Below are entries with pictures in them. Output exactly the lines starting at the line with "断層帯二つ 複雑に分岐(東奥日報2016年4月15日) |" and ending at the line with "Костюм из куртки", both included, but not the pictures.

» **THE INPUT**
====

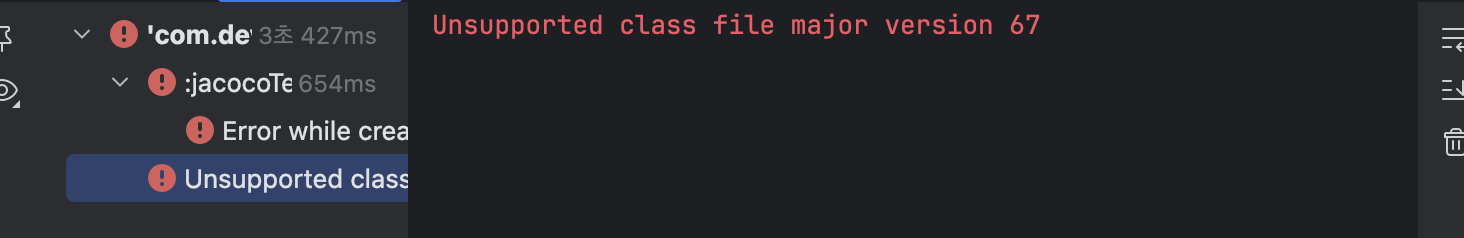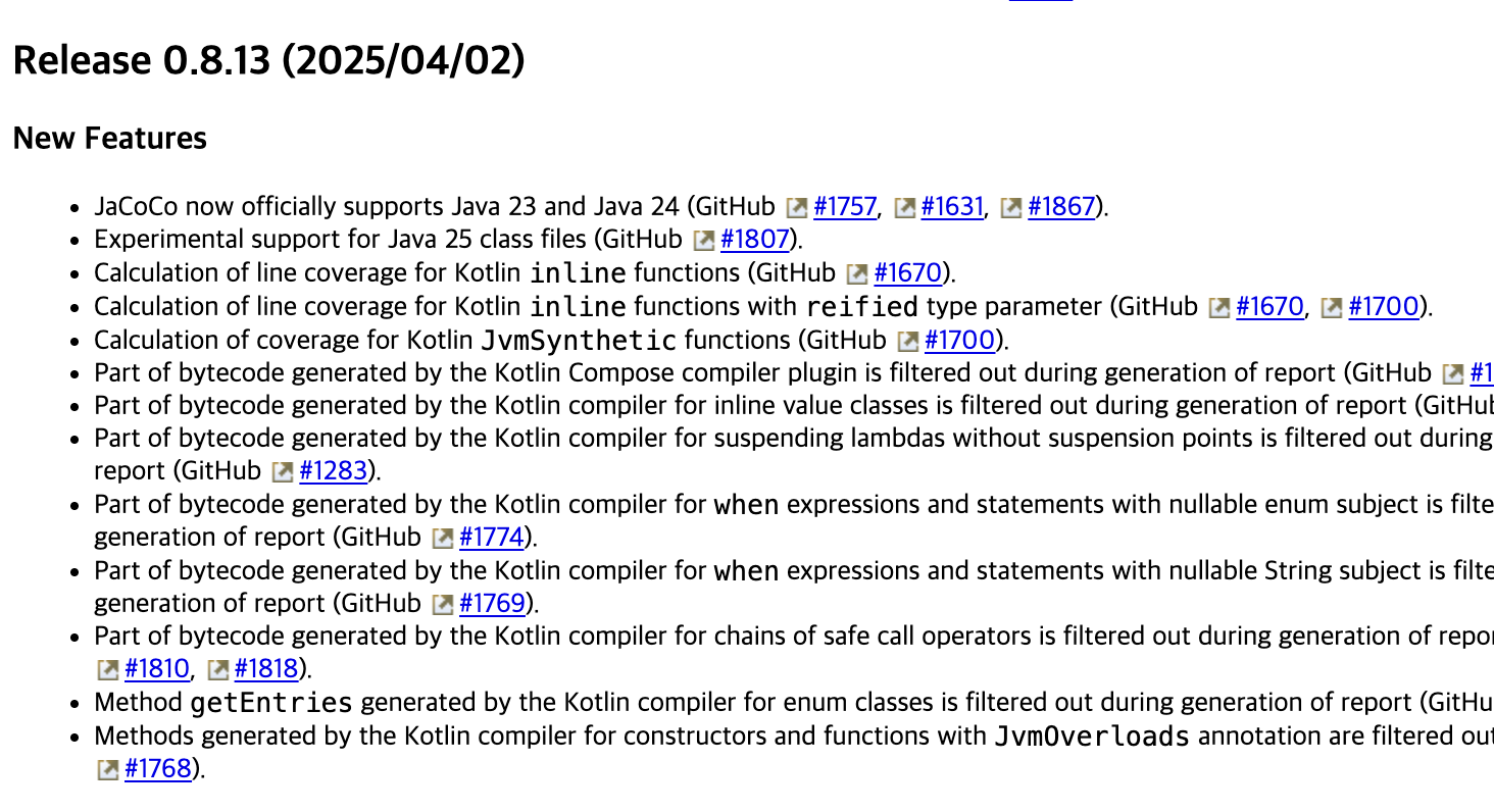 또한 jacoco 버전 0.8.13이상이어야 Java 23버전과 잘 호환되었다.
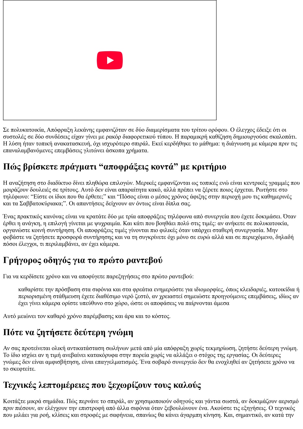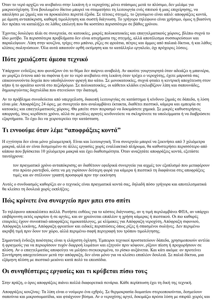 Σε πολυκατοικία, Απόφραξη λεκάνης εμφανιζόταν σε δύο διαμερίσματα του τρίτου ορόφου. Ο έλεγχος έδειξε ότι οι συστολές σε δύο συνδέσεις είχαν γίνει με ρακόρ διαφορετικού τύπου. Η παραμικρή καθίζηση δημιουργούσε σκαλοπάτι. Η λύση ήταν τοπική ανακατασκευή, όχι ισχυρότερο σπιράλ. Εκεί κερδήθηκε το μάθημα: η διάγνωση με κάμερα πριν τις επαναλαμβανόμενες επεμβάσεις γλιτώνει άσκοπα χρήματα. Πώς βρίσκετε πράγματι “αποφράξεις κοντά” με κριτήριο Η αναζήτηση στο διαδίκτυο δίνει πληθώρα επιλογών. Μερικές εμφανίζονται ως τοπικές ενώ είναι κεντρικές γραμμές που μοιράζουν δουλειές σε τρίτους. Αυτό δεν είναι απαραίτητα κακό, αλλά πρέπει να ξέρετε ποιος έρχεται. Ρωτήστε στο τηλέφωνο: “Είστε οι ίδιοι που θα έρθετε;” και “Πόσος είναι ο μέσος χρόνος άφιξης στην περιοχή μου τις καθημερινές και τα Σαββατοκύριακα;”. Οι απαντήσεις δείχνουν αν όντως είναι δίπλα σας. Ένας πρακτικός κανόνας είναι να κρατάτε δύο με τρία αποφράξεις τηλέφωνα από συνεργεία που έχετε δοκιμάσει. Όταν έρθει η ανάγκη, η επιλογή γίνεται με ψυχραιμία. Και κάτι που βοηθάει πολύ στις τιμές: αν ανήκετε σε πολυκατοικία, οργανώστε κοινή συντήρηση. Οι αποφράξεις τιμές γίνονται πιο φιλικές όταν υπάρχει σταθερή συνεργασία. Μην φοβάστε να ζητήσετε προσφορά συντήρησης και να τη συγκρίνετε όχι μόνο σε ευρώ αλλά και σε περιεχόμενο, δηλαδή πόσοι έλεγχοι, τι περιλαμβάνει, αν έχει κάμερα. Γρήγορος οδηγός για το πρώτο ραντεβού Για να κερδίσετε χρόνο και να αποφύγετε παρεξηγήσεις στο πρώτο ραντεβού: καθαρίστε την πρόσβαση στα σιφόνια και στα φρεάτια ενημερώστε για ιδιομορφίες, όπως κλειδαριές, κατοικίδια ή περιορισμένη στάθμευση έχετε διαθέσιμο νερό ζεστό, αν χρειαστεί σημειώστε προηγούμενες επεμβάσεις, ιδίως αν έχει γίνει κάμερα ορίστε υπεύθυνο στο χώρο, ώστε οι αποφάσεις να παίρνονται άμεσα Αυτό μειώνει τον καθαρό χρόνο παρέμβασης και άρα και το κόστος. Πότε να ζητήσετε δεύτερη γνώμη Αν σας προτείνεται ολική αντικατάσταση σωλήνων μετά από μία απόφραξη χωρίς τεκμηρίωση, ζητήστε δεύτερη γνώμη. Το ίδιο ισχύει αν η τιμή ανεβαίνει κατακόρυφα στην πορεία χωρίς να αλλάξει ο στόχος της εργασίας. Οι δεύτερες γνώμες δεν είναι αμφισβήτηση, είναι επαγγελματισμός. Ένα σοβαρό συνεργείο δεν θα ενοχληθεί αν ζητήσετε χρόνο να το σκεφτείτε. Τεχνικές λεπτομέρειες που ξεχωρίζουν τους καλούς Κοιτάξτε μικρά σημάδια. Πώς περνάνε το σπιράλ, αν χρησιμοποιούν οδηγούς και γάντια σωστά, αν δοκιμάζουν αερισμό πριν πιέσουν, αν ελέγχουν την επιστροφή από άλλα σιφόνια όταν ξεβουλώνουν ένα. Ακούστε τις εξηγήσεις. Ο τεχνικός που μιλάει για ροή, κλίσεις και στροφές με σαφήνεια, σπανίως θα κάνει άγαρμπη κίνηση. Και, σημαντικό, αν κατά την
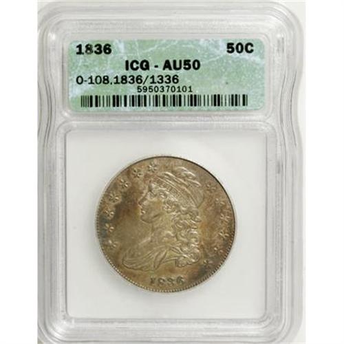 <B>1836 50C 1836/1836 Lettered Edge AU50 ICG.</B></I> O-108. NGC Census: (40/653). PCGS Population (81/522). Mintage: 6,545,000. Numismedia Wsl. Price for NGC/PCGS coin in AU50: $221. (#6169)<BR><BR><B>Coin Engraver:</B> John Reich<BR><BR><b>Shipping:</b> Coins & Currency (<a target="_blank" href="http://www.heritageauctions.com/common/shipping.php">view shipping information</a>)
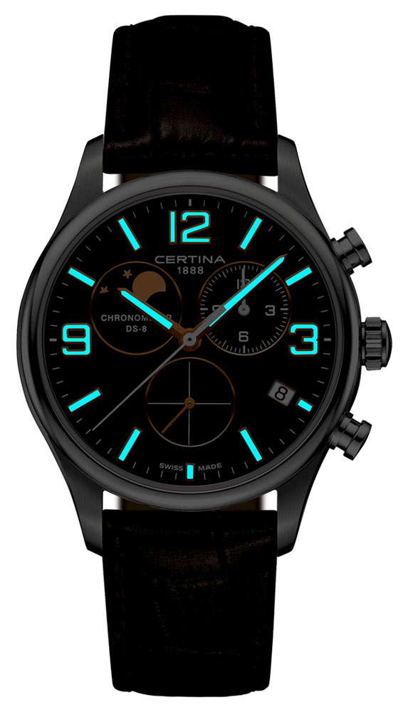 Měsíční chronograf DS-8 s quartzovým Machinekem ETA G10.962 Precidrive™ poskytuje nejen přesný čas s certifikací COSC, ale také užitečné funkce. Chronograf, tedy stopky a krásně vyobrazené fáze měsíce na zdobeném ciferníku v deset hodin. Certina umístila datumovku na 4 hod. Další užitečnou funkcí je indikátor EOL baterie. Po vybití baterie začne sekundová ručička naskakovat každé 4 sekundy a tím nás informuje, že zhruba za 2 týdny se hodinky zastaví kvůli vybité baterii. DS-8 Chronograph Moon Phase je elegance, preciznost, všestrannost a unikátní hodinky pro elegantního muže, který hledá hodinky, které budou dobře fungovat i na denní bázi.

====

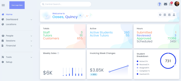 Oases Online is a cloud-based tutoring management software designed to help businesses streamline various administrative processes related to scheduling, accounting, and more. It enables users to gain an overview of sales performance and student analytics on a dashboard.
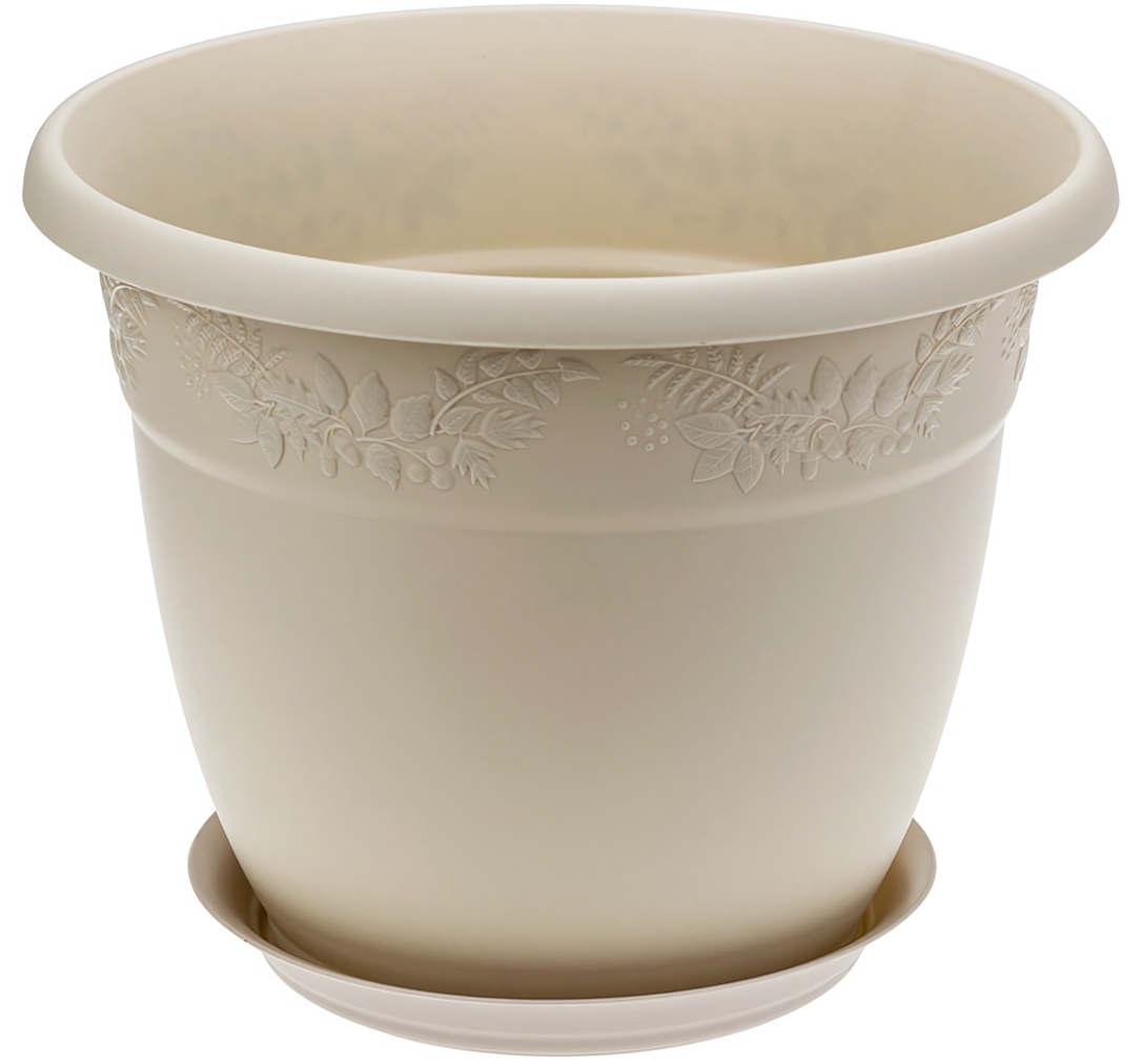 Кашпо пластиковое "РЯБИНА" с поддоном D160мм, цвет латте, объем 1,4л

====

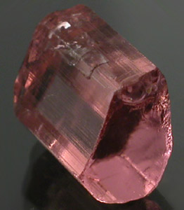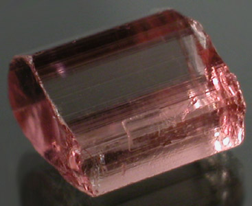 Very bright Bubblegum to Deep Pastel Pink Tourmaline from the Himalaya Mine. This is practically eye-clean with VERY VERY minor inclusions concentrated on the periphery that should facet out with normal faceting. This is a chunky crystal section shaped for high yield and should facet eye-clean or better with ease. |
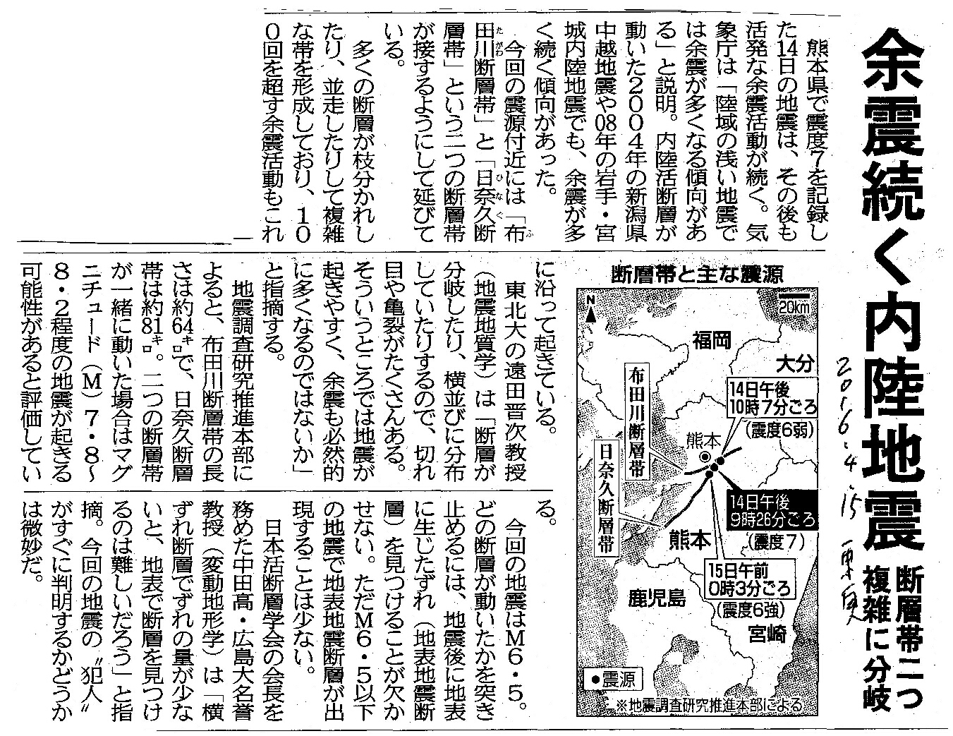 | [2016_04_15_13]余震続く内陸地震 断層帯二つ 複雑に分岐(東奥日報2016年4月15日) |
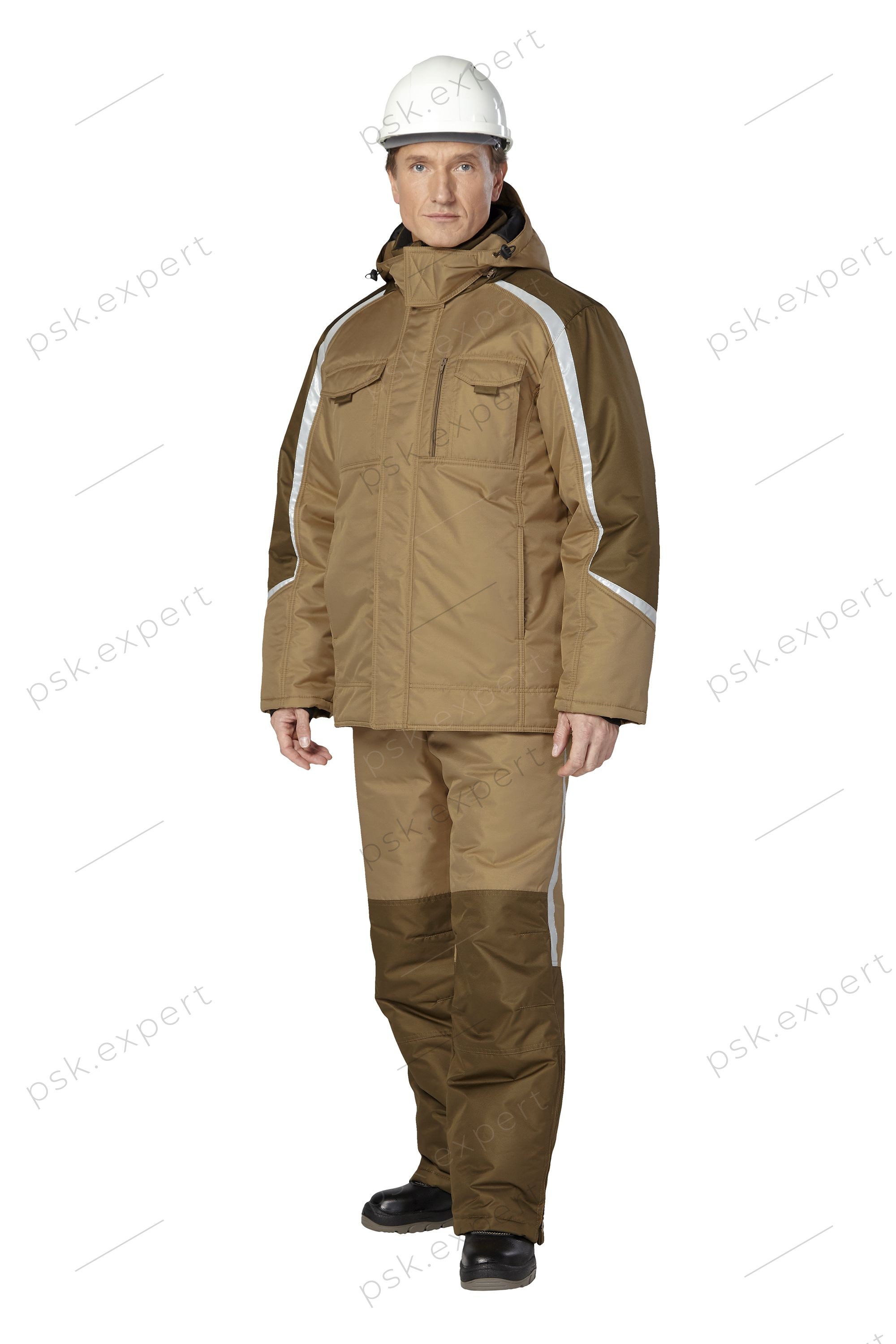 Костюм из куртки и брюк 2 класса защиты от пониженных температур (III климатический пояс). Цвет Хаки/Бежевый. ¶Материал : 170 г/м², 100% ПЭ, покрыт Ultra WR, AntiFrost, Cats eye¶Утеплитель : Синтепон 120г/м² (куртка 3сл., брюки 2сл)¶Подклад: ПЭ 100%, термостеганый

====

» **SOLUTION**
 | [2016_04_15_13]余震続く内陸地震 断層帯二つ 複雑に分岐(東奥日報2016年4月15日) |
 Костюм из куртки и брюк 2 класса защиты от пониженных температур (III климатический пояс). Цвет Хаки/Бежевый. ¶Материал : 170 г/м², 100% ПЭ, покрыт Ultra WR, AntiFrost, Cats eye¶Утеплитель : Синтепон 120г/м² (куртка 3сл., брюки 2сл)¶Подклад: ПЭ 100%, термостеганый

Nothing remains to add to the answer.